◆ Material to process:
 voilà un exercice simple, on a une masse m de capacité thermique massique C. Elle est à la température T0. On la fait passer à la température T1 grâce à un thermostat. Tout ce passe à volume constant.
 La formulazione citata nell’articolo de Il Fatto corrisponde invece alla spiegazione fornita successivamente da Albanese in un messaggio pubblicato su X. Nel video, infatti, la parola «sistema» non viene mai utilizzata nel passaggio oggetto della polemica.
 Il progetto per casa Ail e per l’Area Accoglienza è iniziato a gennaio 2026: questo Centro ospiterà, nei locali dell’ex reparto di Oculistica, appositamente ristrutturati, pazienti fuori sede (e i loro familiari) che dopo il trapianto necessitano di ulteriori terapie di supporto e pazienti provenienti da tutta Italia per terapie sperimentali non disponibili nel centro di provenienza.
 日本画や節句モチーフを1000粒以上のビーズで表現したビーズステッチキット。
==
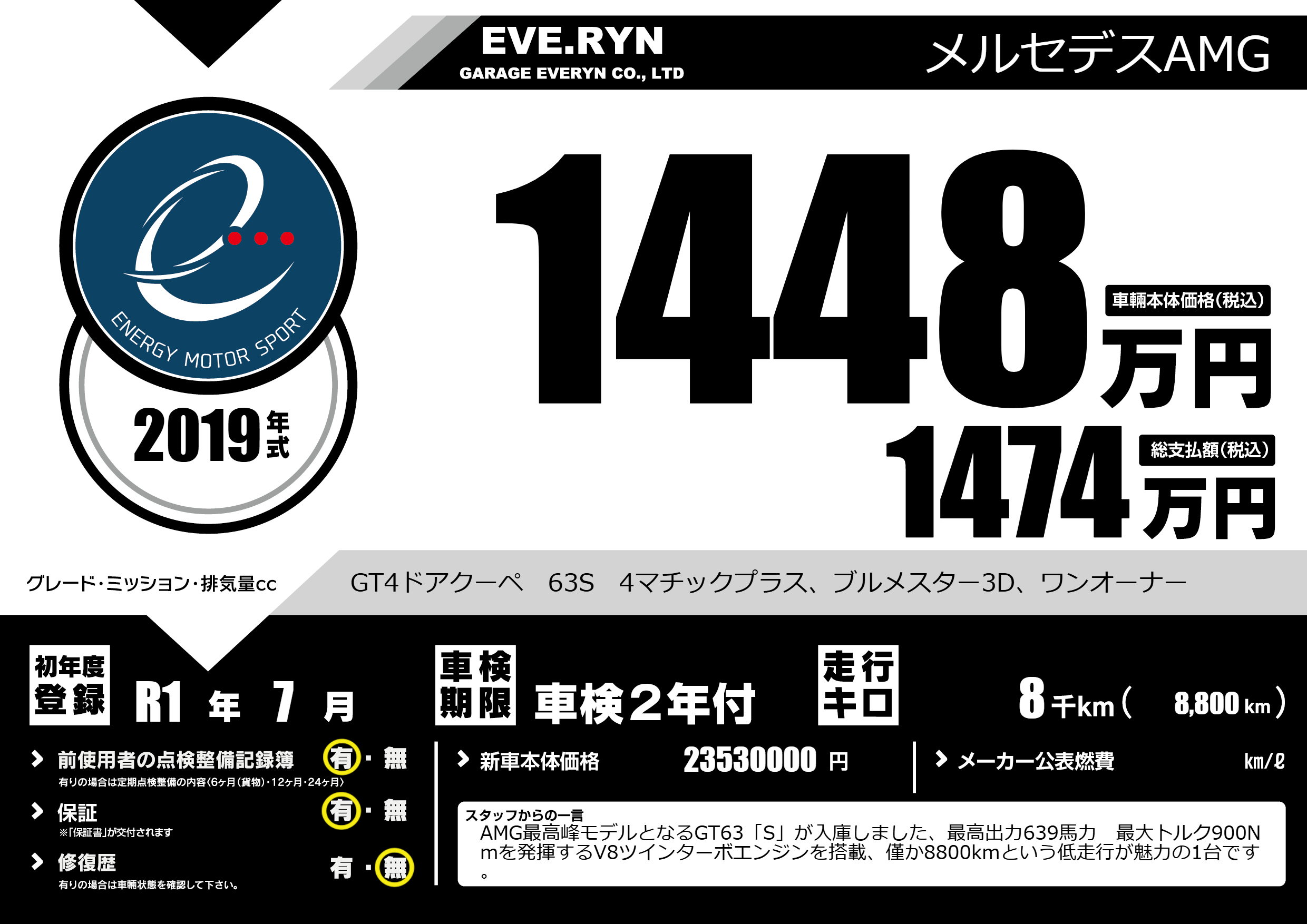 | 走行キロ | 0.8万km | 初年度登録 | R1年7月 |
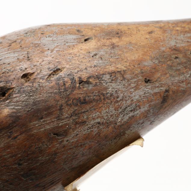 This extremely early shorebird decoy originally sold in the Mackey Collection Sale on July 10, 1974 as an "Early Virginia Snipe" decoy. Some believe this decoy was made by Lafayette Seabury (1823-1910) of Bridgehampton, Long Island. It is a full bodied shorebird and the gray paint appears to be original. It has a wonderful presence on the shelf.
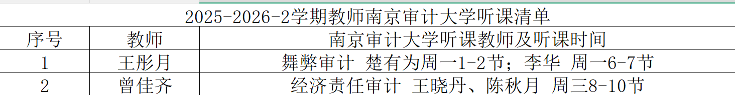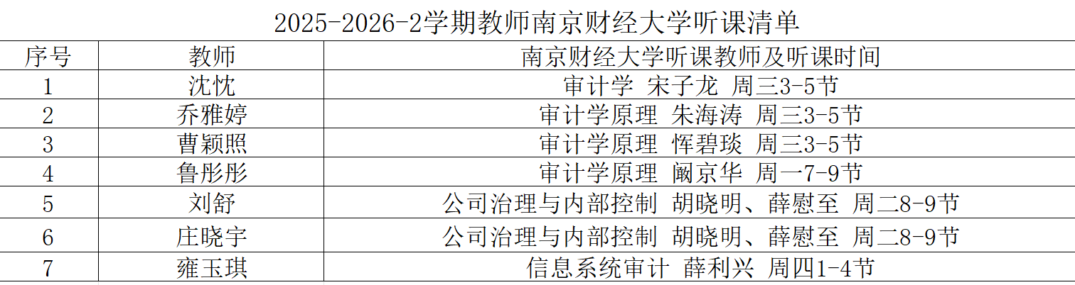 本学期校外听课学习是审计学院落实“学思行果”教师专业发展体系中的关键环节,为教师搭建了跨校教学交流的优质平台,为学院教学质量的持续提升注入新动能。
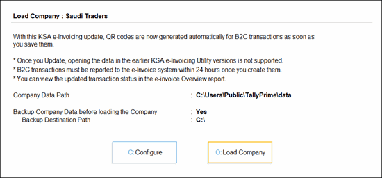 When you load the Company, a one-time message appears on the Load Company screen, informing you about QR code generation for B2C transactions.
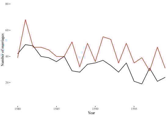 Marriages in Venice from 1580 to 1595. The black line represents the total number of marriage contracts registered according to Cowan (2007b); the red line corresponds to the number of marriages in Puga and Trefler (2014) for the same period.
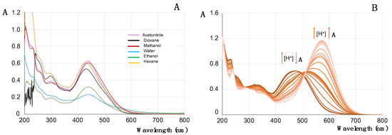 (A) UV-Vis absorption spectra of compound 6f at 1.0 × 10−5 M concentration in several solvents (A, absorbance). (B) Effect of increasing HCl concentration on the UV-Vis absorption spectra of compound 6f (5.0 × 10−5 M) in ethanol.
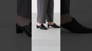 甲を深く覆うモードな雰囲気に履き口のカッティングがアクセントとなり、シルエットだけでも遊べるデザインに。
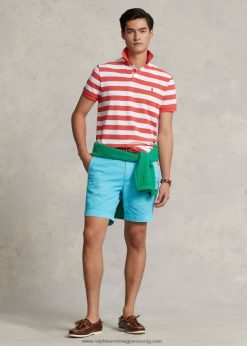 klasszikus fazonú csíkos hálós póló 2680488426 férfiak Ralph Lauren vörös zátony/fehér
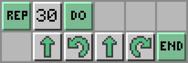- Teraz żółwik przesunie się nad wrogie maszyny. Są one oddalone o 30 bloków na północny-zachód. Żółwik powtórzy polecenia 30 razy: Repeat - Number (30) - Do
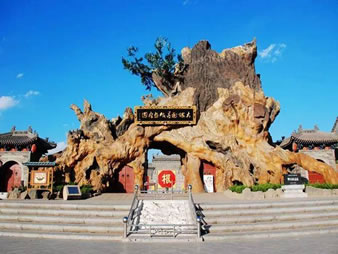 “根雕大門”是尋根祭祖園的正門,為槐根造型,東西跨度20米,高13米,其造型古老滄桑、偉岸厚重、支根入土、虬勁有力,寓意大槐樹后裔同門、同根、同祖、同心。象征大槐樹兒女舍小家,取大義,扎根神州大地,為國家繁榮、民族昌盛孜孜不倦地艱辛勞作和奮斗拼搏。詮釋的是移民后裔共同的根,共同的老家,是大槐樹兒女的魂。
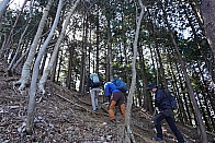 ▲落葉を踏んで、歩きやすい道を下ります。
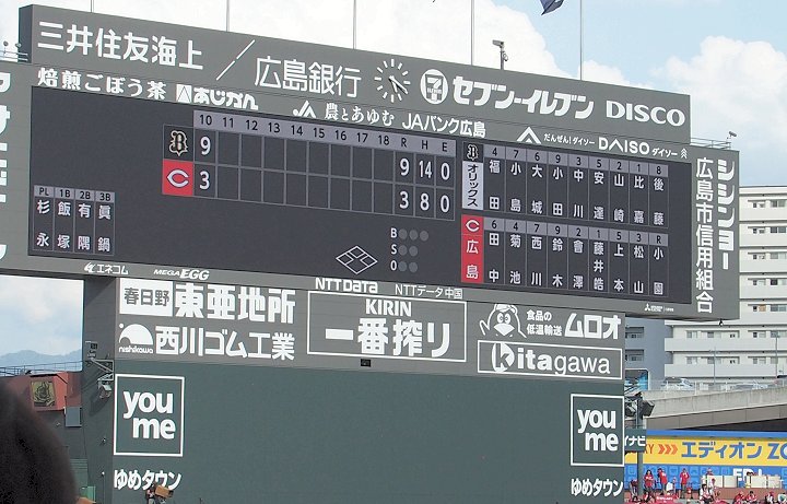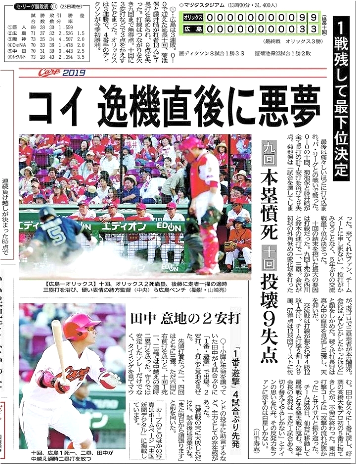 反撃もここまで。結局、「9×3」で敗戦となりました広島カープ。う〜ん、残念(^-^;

◆ What is required:
The data above holds the lines to copy: start at the one with "(A) UV-Vis absorption", stop at the one with "反撃もここまで。結局、「9×", include both, copy them exactly without pictures, and copy nothing else.

◆ Task solution:
 (A) UV-Vis absorption spectra of compound 6f at 1.0 × 10−5 M concentration in several solvents (A, absorbance). (B) Effect of increasing HCl concentration on the UV-Vis absorption spectra of compound 6f (5.0 × 10−5 M) in ethanol.
 甲を深く覆うモードな雰囲気に履き口のカッティングがアクセントとなり、シルエットだけでも遊べるデザインに。
 klasszikus fazonú csíkos hálós póló 2680488426 férfiak Ralph Lauren vörös zátony/fehér
- Teraz żółwik przesunie się nad wrogie maszyny. Są one oddalone o 30 bloków na północny-zachód. Żółwik powtórzy polecenia 30 razy: Repeat - Number (30) - Do
 “根雕大門”是尋根祭祖園的正門,為槐根造型,東西跨度20米,高13米,其造型古老滄桑、偉岸厚重、支根入土、虬勁有力,寓意大槐樹后裔同門、同根、同祖、同心。象征大槐樹兒女舍小家,取大義,扎根神州大地,為國家繁榮、民族昌盛孜孜不倦地艱辛勞作和奮斗拼搏。詮釋的是移民后裔共同的根,共同的老家,是大槐樹兒女的魂。
 ▲落葉を踏んで、歩きやすい道を下ります。
 反撃もここまで。結局、「9×3」で敗戦となりました広島カープ。う〜ん、残念(^-^;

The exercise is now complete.